Красавица, гордясь собою, приняла на себя роль ведущей, а парню оставалось довольствоваться малым, то есть, ролью второго плана — ведомым, а посему не удивился, когда они повернули направо, обогнули киноконцертный комплекс «Космос» с его всё еще весьма популярным рестораном и вышли на берег городского пруда, недавно одетого в гранит. Постояли пару минут, наблюдая за полураздетым чудаковатым мужичком, тщетно пытавшегося хоть кого-нибудь поймать на закинутую удочку и побаловать уловом усатого рыже—белого друга, растянувшегося возле ног хозяина и потерявшего уже всякую надежду на успех безнадежного хозяйского занятия. Поплавок, омертвев, оставался недвижимым.
Они пошли по берегу. Вот, слева от прогулочной дорожки, примыкая к ней, изгородь из трехметровых металлических прутьев, оберегающая покои губернатора. Здесь, то есть, в уютненьком особнячке девятнадцатого века, он принимает знатных заезжих гостей, дает им пышные (за счет казны, конечно) пиры, милостиво выслушивает раболепные рапорты челяди, а также по знаменательным датам устраивает балы, на которые даже представителям местной знати получить приглашение очень даже непросто, а если получают, то воспринимаю за особое благоволение со стороны хозяина Екатеринбургской губернии, за знак высочайшей милости.
Прошли еще сотню метров. Остановились, ибо перед ними — шумно грохочущий всеми видами транспорта Главный проспект , справа — окончание пруда и плотина, слева — памятник архитектуры, принадлежавший до известного переворота купцу первой гильдии Севастьянову, богатейшему гражданину и щедрому меценату тогдашнего Екатеринбурга.

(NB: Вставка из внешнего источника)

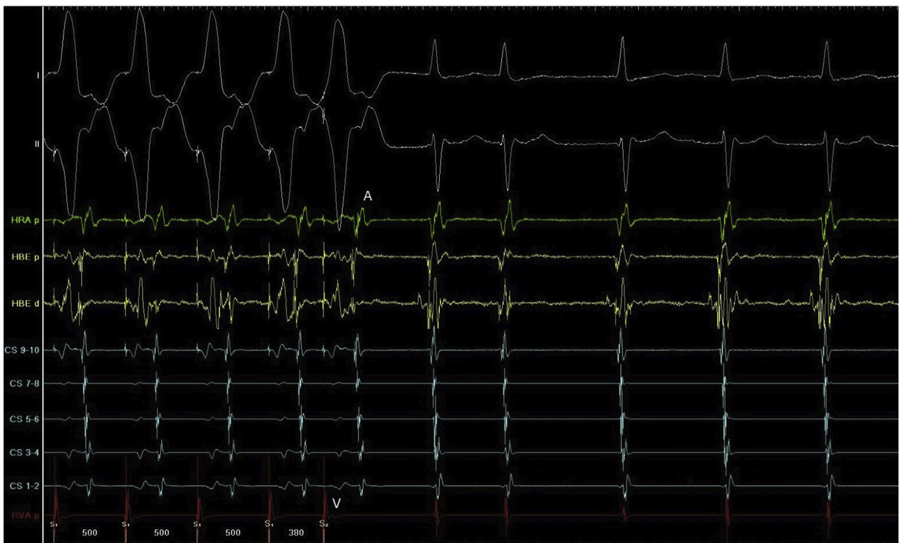
Fig. 4. Induction of AVNRT with programmed ventricular pacing: single extrastimulus with coupling interval of 380 ms and VA interval of 200 ms. Electrograms recorded at a sweep speed of 100 mm/s. HRA, high right atrium; HBE, his bundle electrogram; CS, coronary sinus; RVA, right ventricular apex.
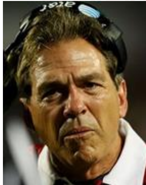
CEASELESSLY & CIRCUMSPECT NICK SABAN
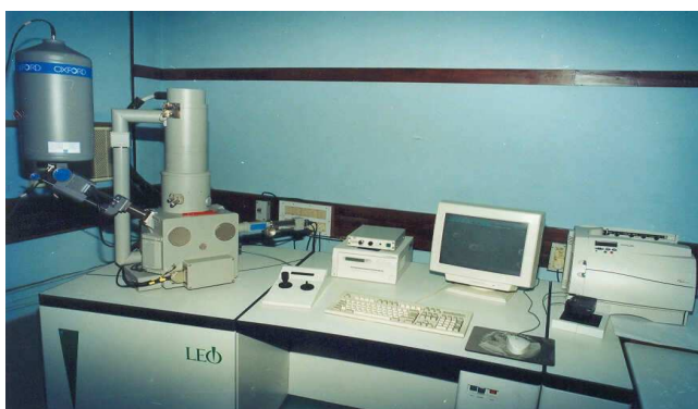
Scanning Electron Microscope (LEO 440 with Oxford ISIS 300 EDS)
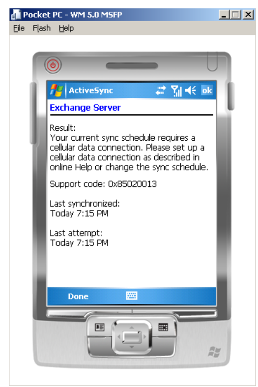
Figure 3: Device Emulator Error Message

Read and accept the License Agreement and click Install.
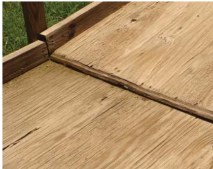
Uneven, bumpy transitions, warped slick surface.
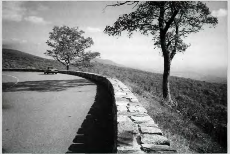
Wherever possible, specimen trees have been retained at overlooks and, when documented trees are missing, are being replanted.
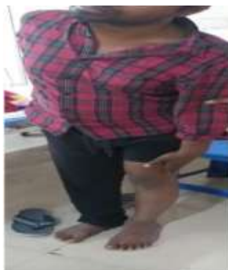
Pic.2: Kyphotic posture with structural deformity and pelvic imbalance due to ankylosing spondylitis.
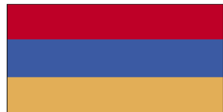
The Armenian flag

In 1995, the Constitution of Armenia was adopted through a popular referendum. It is similar to the French Constitution and calls for building an independent judiciary. A new national currency was introduced, and successful fiscal policy and newly established mechanisms of financial regulation allowed the currency to remain viable and stable. As a result, the financial system of Armenia
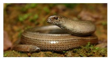
Grass snakes and slow worms are reptiles.
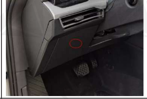
19. Punch a hole by 16mm drill to install our universal front switch.
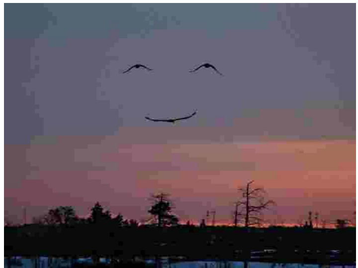
Someone has a good sense of humor...
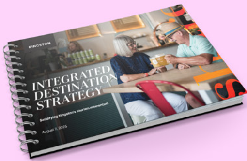
Kingston's Integrated Destination Strategy 3.0

Work each quarter is measured against a number of guiding documents, including:
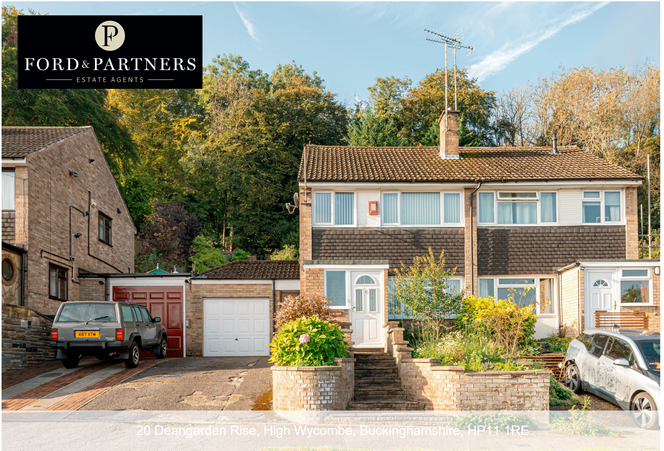
20 Deangarden Rise, High Wycombe, Buckinghamshire, HP11 1RE
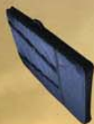
Double zippered Condura plastic carrying bag reinforced for deep search coil
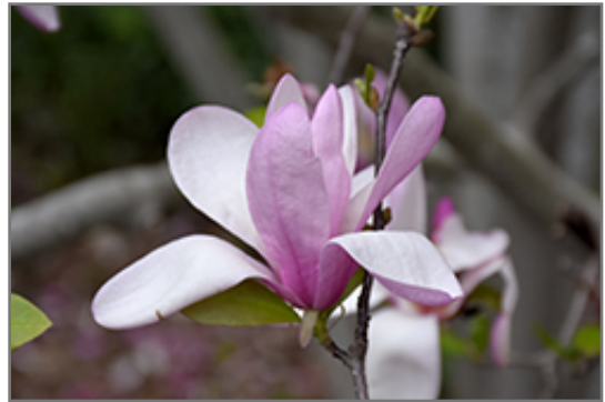
Jane Magnolia flowers

This shrub does best in full sun to partial shade. It requires an evenly moist well-drained soil for optimal growth, but will die in standing water. It is not particular as to soil type, but has a definite preference for acidic soils. It is quite intolerant of urban pollution, therefore inner city or urban streetside plantings are best avoided. Consider applying a thick mulch around the root zone in winter to protect it in exposed locations or colder microclimates. This particular variety is an interspecific hybrid.
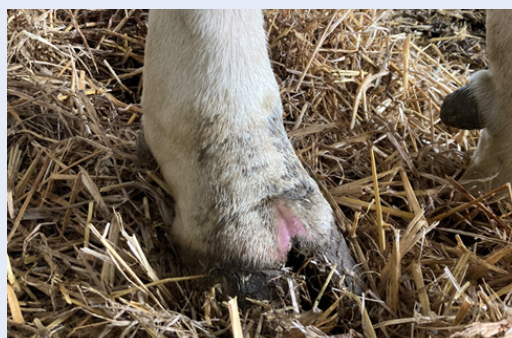
Red interdigital cleft
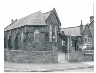
The Old School which acted as a Church between 1872 and 1882
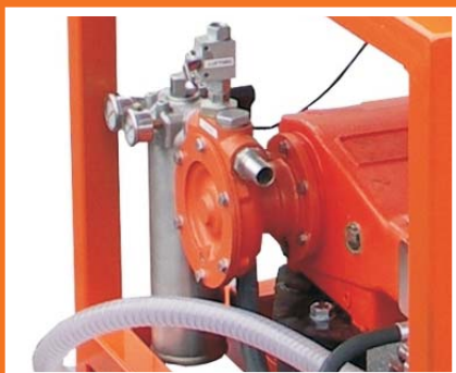
Built-on mechanical feed pump.
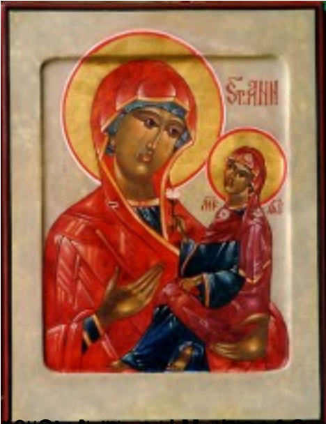
100 St. Andrew's Episcopal Church, Fiske Dale, MA Mary, known as the Theotokos. Mary

На пешеходном переходе через широченный проспект Светлана все еще цепко держала Игоря. Загорелся им разрешающий сигнал. Они прошли. Спустились вниз по ступеням справа — это историческое место, помеченное чугунным медальоном с надписью, оповещающей о том, что именно с этого места начался город, именно с этой плотины, сквозь створы которой с грохотом и звериным рёвом рвутся водяные потоки, образуя далее реку Исеть, берега которой сейчас окованы в гранит; именно здесь появился самый первый императорский железоделательный завод.
Здесь всегда прибрано, прибавляют уюта молодые деревца, аккуратные газоны и кусты сирени, диванчики; по выходным — шумно, потому что людно. Сегодня — понедельник и по этой причине отдыхают лишь мамаши со своими грудничками да бабушки с беспокойными внуками. Изредка, правда, появляются организованные толпы туристов, сопровождаемые экскурсоводом. Откуда начинать знакомство с Екатеринбургом, если не с его истоков?
Светлана огляделась. Выбрав пустующую, одиноко стоявшую, скамью, кивнув в ту сторону, предложила:
— Присядем?
Продолжая придерживаться роли очень послушного ведомого, кивнул.
Они прошли и присели. Игорь одобрительно подумал: «Место выбрано удачно; никто и ничто не станет помехой. Тем и хорош понедельник, а в иные дни шум, гам, толчея».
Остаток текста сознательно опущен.